Setting the threshold to a high number in the script, e.g. >= 95, gives this:
This might be a better approach where a decent proportion of the records are matched, leaving you to match the others manually, but you have high confidence in the records that have been matched.
Here’s the Python script:
import json
import requests
from fuzzywuzzy import process
get_headers = {
'Authorization': 'Bearer YOUR_API_KEY'
}
# get an array of donors
donors_url = 'https://api.airtable.com/v0/YOUR_APP_ID/Donors?maxRecords=100&view=All_Donors'
donors_response = requests.get(donors_url, headers=get_headers)
donors_data = donors_response.json()
donors_list = []
for j in donors_data['records']:
donors_list.append(j['fields']['Name'])
# get the donations
donations_url = 'https://api.airtable.com/v0/YOUR_APP_ID/Donations?maxRecords=100&view=All_Donations'
donations_response = requests.get(donations_url, headers=get_headers)
donations_data = donations_response.json()
# for each donation get the highest matching donor record
for i in donations_data['records']:
donor_name = i['fields']['Name']
highest = process.extractOne(donor_name, donors_list)
# if the highest match has a score >= 80 (or some other score)...
if highest[1] >= 95:
# ...get the donor record...
params = querystring = {"filterByFormula":"({Name}=\""+highest[0]+"\")"}
get_matching_donor_response = requests.get(donors_url, headers=get_headers, params=querystring)
matching_donor_id = get_matching_donor_response.json()['records'][0]['id']
# ... and update the donation with the "suggested donor"

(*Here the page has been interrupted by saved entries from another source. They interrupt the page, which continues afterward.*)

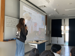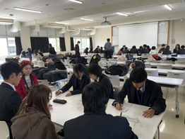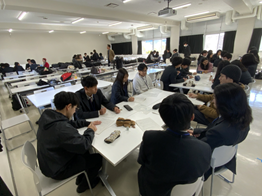 まず、本学の留学生による7ヶ国・地域の紹介と各人の日本語との出会い、日本に来て感じた文化差の発表が行われ、高校生はそれぞれの留学生の出身地の多様性に感心したり、同じアジアの国でも新たな発見があったりして興味深く耳を傾けていました。また、留学生が日本語を勉強し始めたきっかけが自分たちも楽しんできた漫画やアニメであったり、専門の学習や研究するために必要であったりした点に親しみを感じているようでした。文化差についても、「日本人の礼儀正しさ」や「ゴミの分別の細かさ」、「時間の正確さ」など同世代の留学生たちが感じる日本について様々な角度から客観的に考えるきっかけになったという声が聞かれました。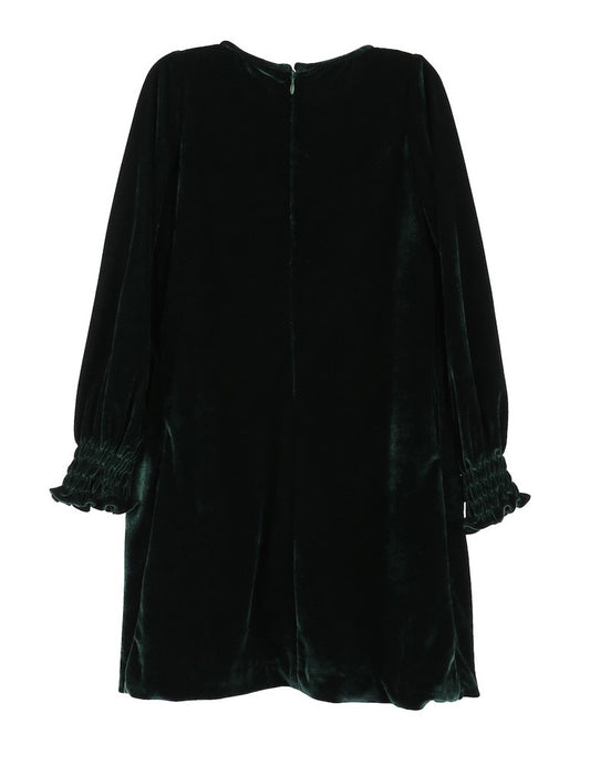Sophie & Lucas Girls Velvet Christmas Dress with White Petal Collar - Emerald Green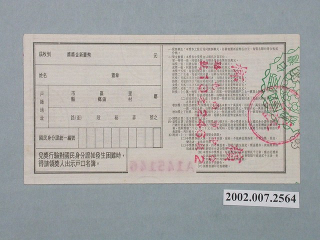 基本發行張數為六十萬張,一張同號八聯,橫式設計。愛國獎券,開獎日期中華民國七十四年十一月五日,臺灣省政府委託臺灣銀行發行,「第1111期」,新台幣伍拾圓,甲聯,編號「A145146」。十大建設之一「中國鋼鐵公司」實景攝影圖。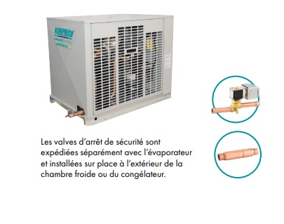 Cet appareil est doté d’un ou de deux compresseurs et d’un condenseur à rejet vertical refroidi à l’air. Il est approprié pour les chambres froides et armoires réfrigérées de grande taille, les congélateurs à air pulsé, les entrepôts et les espaces climatisés dans lesquels les condenseurs fixés au toit sont les plus pratiques.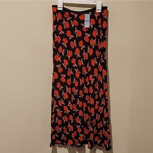 Stunning flowy a-line maxi skirt with vibrant red-orange poppies. ❤️ NWT! ANN TAYLOR FLORAL PRINT SIDE ZIP MAXI SKIRT, 0P (25 PETITE) Lined. Zipper on side with hook and eye clasp. Measurements are approximate and taken laying flat: 33" long, 12.5" waist. Excellent condition!

update_url = 'https://api.airtable.com/v0/YOUR_APP_ID/Donations/' + i['id']
update_headers = {
'Authorization': 'Bearer YOUR_API_KEY',
'Content-Type': 'application/json'
}
update_data = {
"fields": {
"Suggested Donor": [
matching_donor_id
],
"Suggested Donor Score": highest[1]
}
}
print(update_data)
update_response = requests.patch(update_url, headers=update_headers, json=update_data)
print(update_response.text)
Looking forward to the new Airtable scripting capability (now in private beta?) where I hope we might be able to do similar things wholly within Airtable.
JB
Jul 15, 2022 03:24 PM
Are you using it in an automation or in a script extension? It’s a pretty time consuming function to run, so I’d recommend running it in a script extension otherwise I would expect it to time out on a large table.
If you’re running it in an extension and the script is locking up, the issue may be caused by the amount of logging that the script does. I recall running into that issue as I was also dealing with a huge number of records. I made some changes to the script to make the debugging logs optional, and also optimized the update function to update fields in batches of 50, rather than 1 field at a time.
Here’s my updated script based on @JonathanBowen’s example. All the field names and settings are moved to variables at the top of the script:
// Script settings >>
const matchTableName = 'Match Table'; // table name to add matches to
const originalTableName = 'Original Table'; // table name to look for matches
const matchFieldName = 'Name'; // field name to match against in matching table
const originalFieldName = 'Name'; // field name to match against in original table
const suggestedMatchFieldName = 'Suggested Link to Game'; // field name to store suggested matches
const logLevel = 0; // 0 = no logging; 1 = log number of matches for each record; 2 = same as 1 plus log individual match values for every match-field/original-field combination
// << End script settings
// Levenshtein distance function
let levenshteinDistance = function(a, b){
if(!a || !b) return (a || b).length;
var m = [];
for(var i = 0; i <= b.length; i++){
m[i] = [i];
if(i === 0) continue;
for(var j = 0; j <= a.length; j++){
m[0][j] = j;
if(j === 0) continue;
m[i][j] = b.charAt(i - 1) == a.charAt(j - 1) ? m[i - 1][j - 1] : Math.min(
m[i-1][j-1] + 1,
m[i][j-1] + 1,
m[i-1][j] + 1
);
}
}
return m[b.length][a.length];
};
// max string length function (gets the max length of two strings)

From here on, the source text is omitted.